§ DATA FOR THE TASK
'''
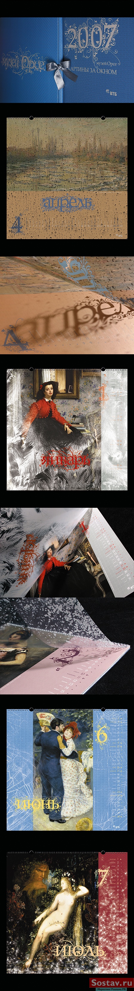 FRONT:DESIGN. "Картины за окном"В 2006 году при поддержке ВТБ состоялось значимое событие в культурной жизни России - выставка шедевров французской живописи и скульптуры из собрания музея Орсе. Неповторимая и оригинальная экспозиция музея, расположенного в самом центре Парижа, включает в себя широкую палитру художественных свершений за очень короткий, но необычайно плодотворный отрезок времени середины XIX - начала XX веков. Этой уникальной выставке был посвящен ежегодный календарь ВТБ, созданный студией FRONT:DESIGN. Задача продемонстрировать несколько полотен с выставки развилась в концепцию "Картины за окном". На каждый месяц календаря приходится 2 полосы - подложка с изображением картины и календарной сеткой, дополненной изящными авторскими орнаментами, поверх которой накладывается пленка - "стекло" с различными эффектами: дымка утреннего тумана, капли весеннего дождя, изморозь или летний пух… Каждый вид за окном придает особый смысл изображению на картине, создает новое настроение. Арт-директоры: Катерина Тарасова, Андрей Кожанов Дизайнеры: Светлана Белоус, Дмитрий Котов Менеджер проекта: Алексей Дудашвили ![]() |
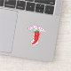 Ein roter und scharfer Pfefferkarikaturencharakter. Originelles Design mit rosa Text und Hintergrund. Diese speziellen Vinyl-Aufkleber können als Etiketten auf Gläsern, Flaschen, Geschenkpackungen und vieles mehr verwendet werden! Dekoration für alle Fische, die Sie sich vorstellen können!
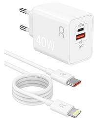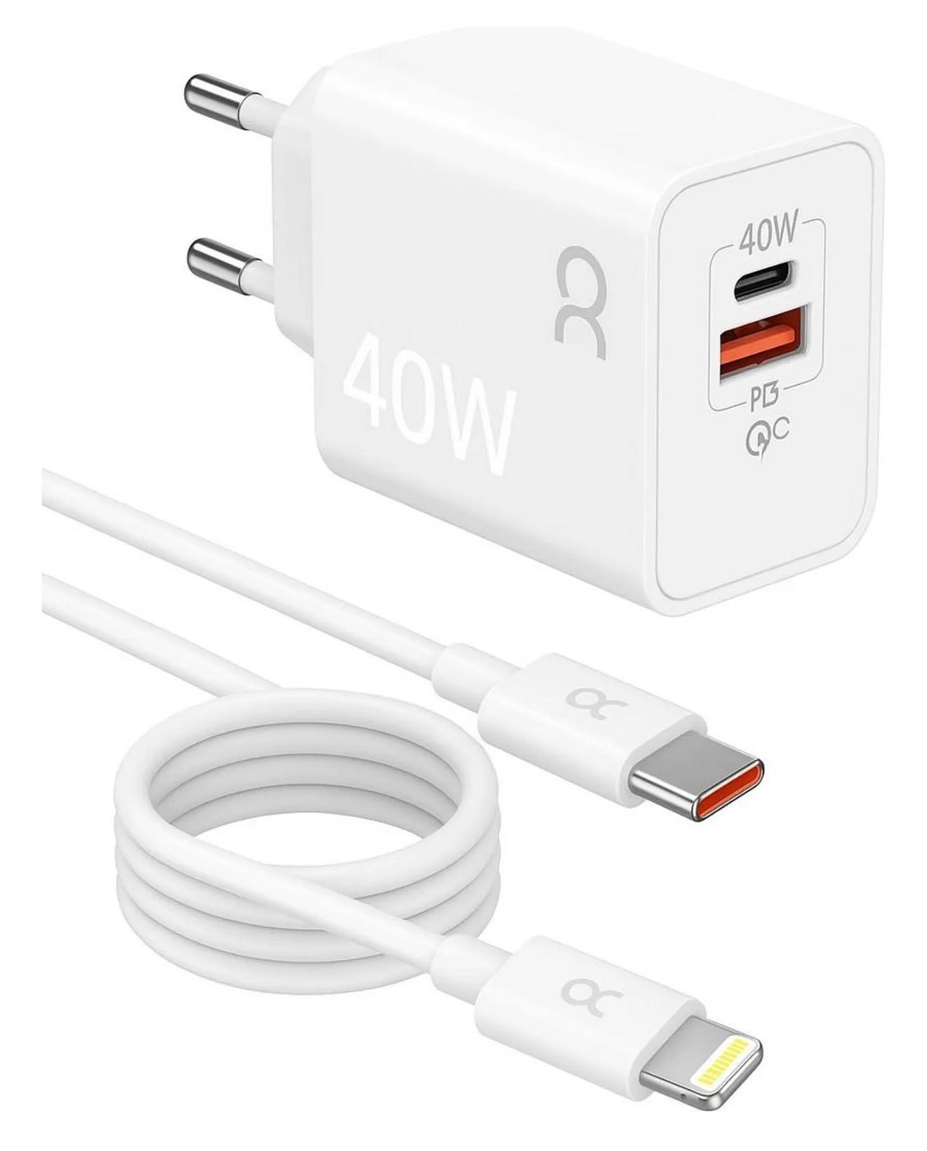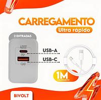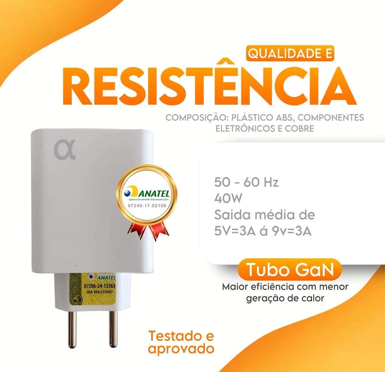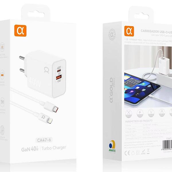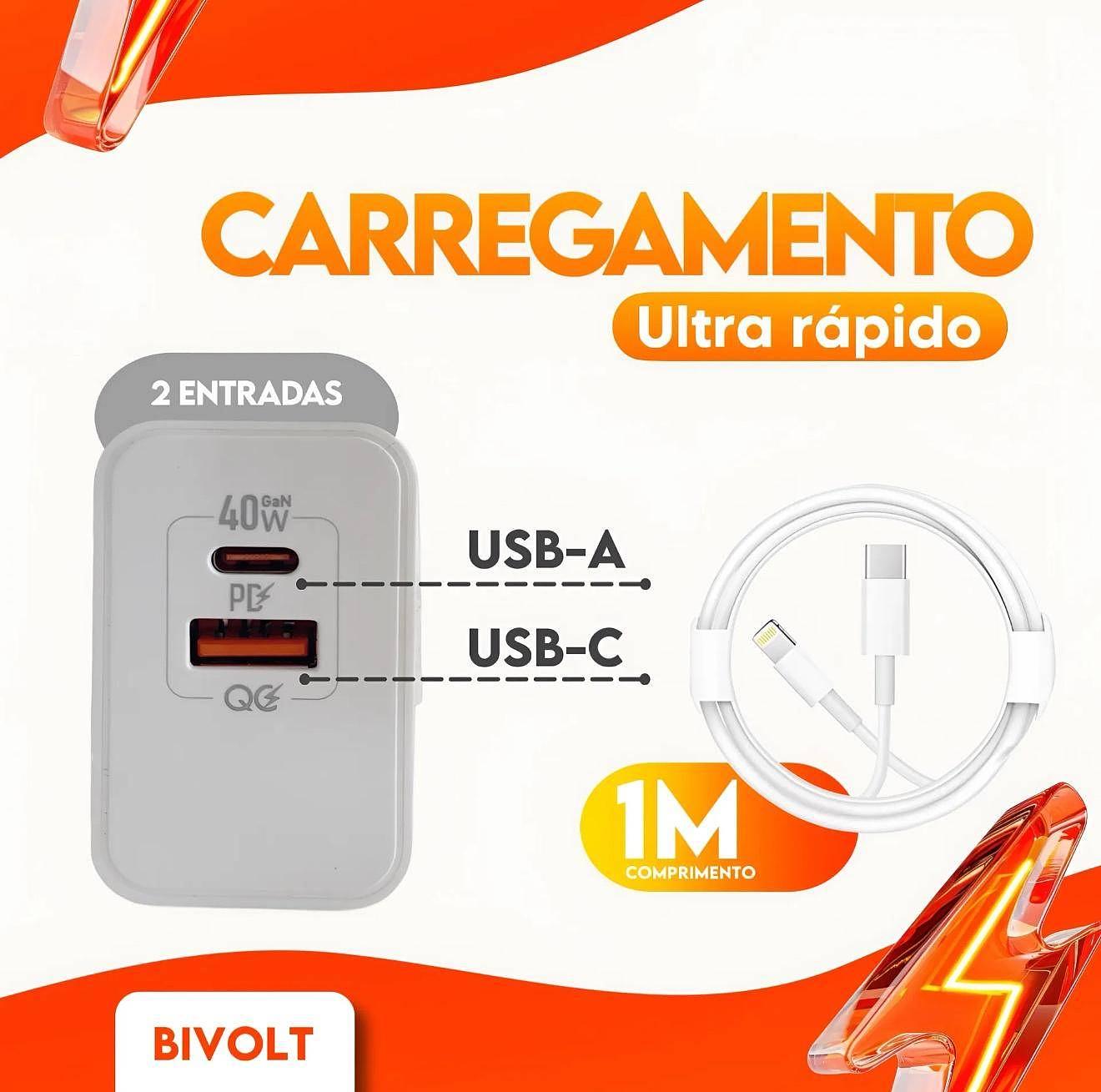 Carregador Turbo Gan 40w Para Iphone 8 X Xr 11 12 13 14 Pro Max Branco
'''
'''
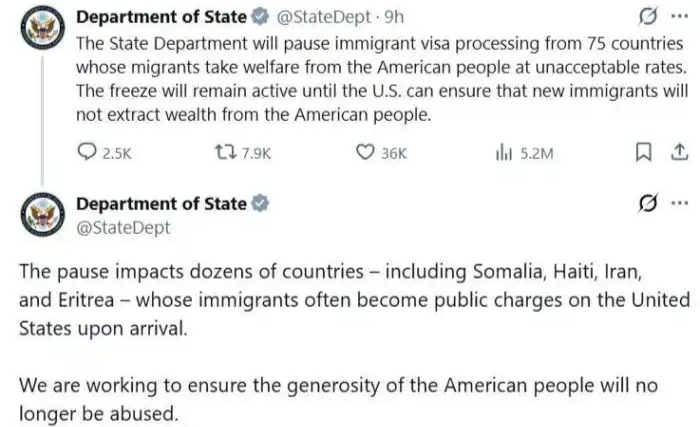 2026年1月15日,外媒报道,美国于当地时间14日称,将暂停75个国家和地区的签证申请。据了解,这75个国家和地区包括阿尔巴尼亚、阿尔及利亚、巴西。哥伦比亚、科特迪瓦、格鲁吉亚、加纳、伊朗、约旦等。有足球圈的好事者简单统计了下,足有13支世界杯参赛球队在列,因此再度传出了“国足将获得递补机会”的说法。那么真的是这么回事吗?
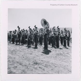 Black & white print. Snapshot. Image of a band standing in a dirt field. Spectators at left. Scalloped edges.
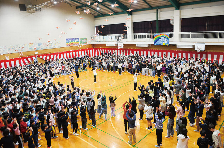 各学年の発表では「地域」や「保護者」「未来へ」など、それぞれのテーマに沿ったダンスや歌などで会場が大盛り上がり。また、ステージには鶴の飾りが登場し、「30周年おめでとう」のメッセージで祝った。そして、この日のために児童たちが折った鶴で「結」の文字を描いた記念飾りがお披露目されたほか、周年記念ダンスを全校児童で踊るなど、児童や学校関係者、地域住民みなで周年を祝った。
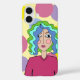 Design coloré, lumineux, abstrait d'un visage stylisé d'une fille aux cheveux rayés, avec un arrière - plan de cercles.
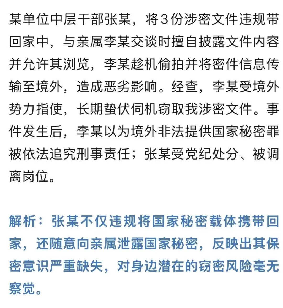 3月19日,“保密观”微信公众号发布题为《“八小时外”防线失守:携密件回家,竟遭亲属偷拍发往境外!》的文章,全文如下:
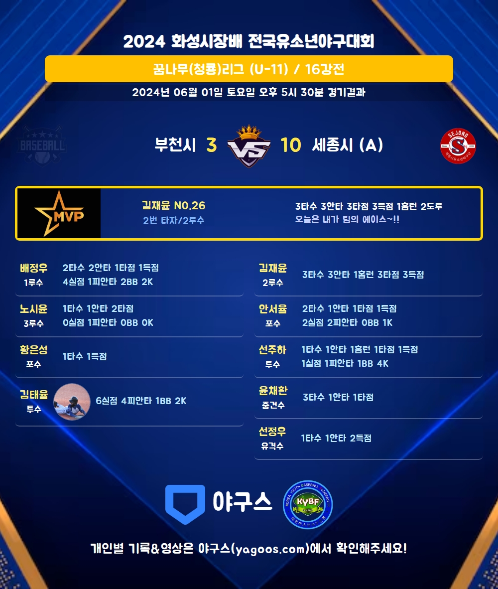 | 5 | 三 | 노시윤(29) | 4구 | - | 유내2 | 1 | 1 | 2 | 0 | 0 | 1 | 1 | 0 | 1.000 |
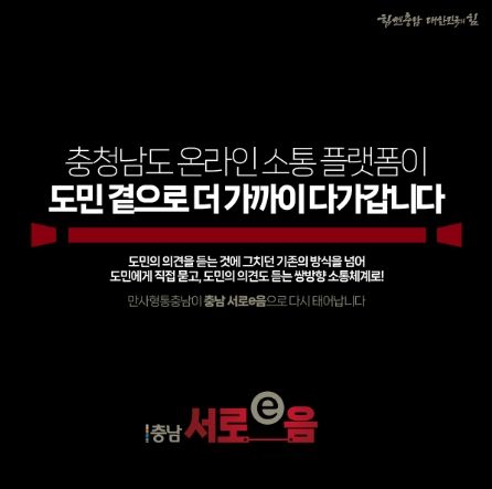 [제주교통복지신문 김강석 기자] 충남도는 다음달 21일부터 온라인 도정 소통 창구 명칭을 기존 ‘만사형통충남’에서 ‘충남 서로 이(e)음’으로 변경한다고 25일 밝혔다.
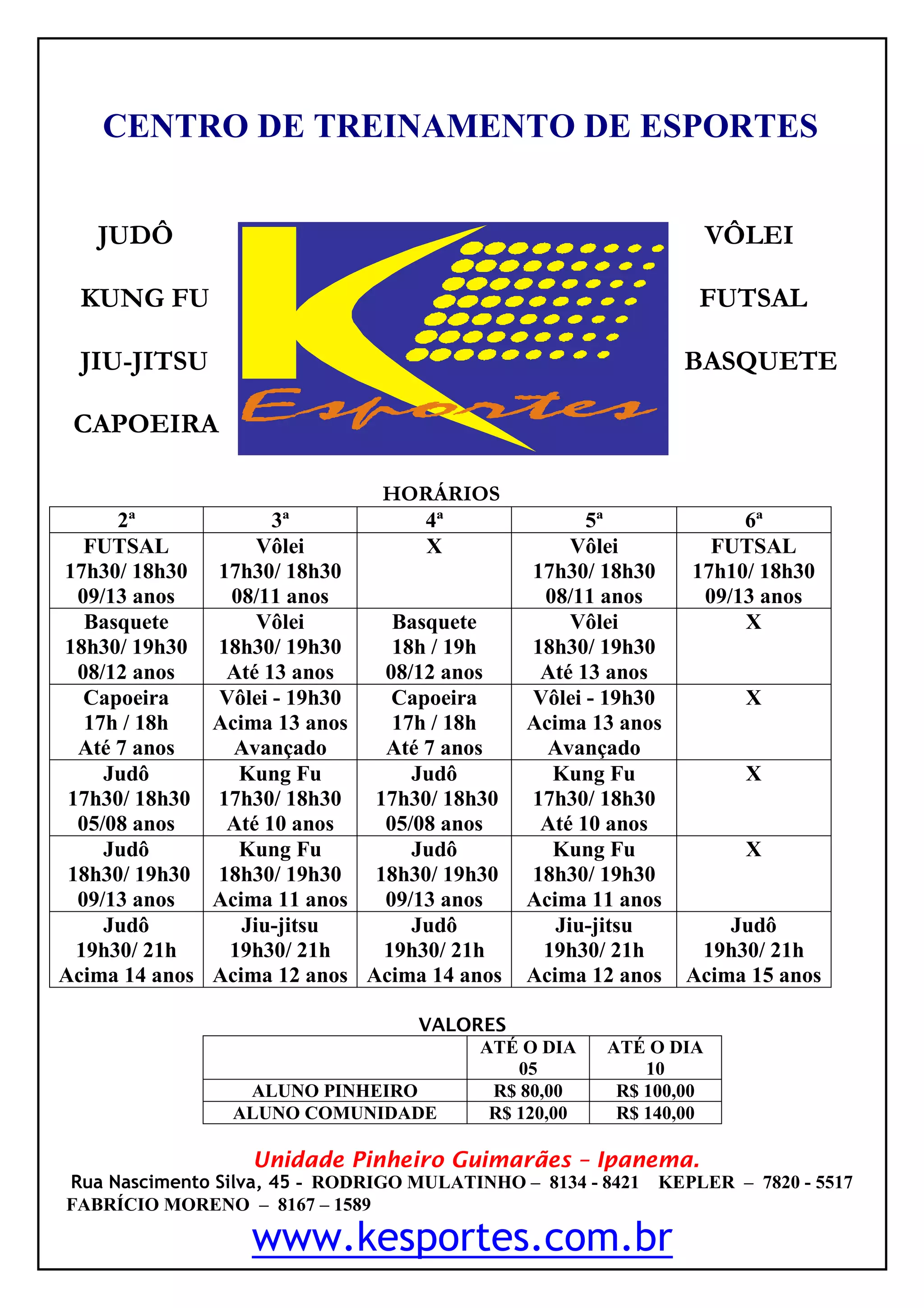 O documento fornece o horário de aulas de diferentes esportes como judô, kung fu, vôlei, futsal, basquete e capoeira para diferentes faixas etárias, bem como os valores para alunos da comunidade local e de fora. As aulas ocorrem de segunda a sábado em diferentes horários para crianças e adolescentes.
'''
'''
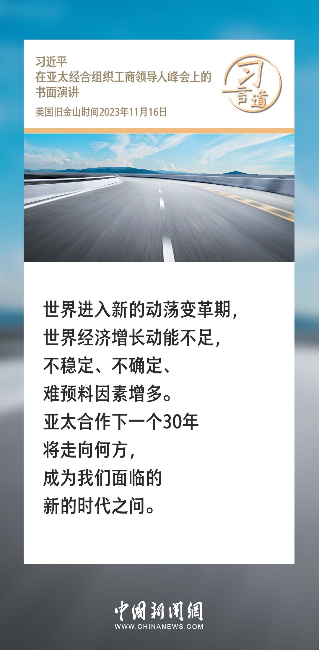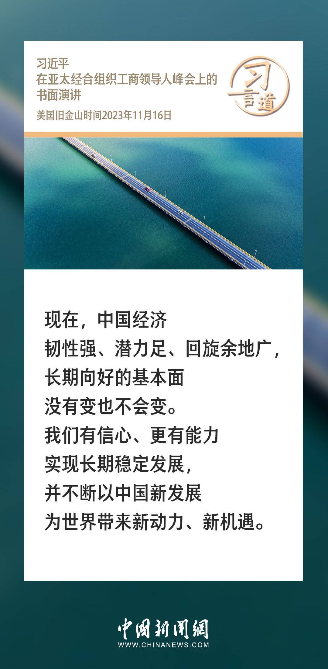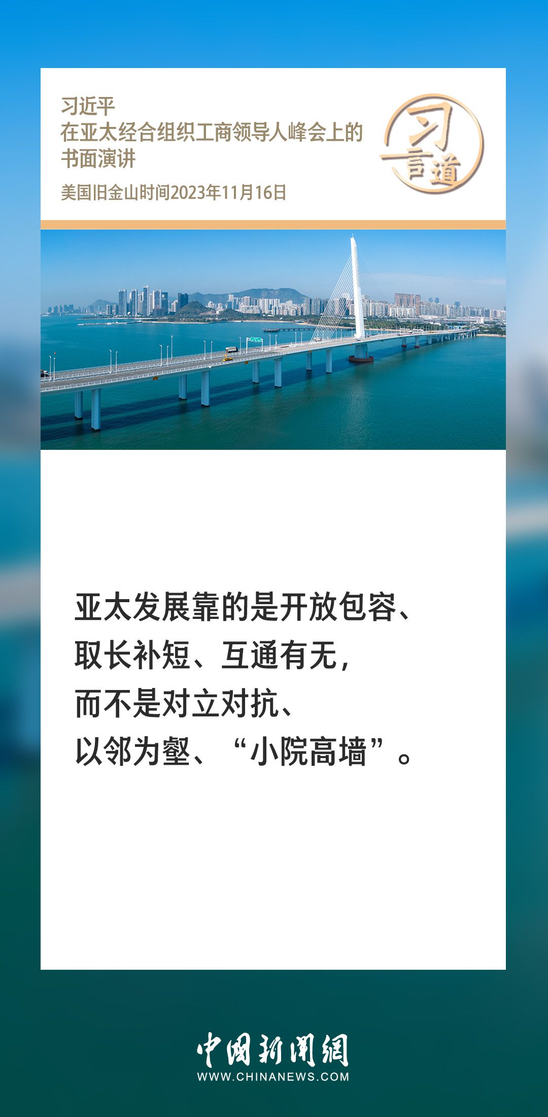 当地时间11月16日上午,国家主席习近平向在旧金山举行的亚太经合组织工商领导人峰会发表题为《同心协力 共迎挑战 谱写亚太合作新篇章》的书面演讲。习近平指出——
'''
§ WHAT IS EXPECTED
Above are some entries; copy exactly the lines from the line with "Design coloré, lumineux, abstrait" through the line with "0 | 1.000 |", both included, but none of the pictures.

§ EXERCISE RESPONSE
 Design coloré, lumineux, abstrait d'un visage stylisé d'une fille aux cheveux rayés, avec un arrière - plan de cercles.
 3月19日,“保密观”微信公众号发布题为《“八小时外”防线失守:携密件回家,竟遭亲属偷拍发往境外!》的文章,全文如下:
 | 5 | 三 | 노시윤(29) | 4구 | - | 유내2 | 1 | 1 | 2 | 0 | 0 | 1 | 1 | 0 | 1.000 |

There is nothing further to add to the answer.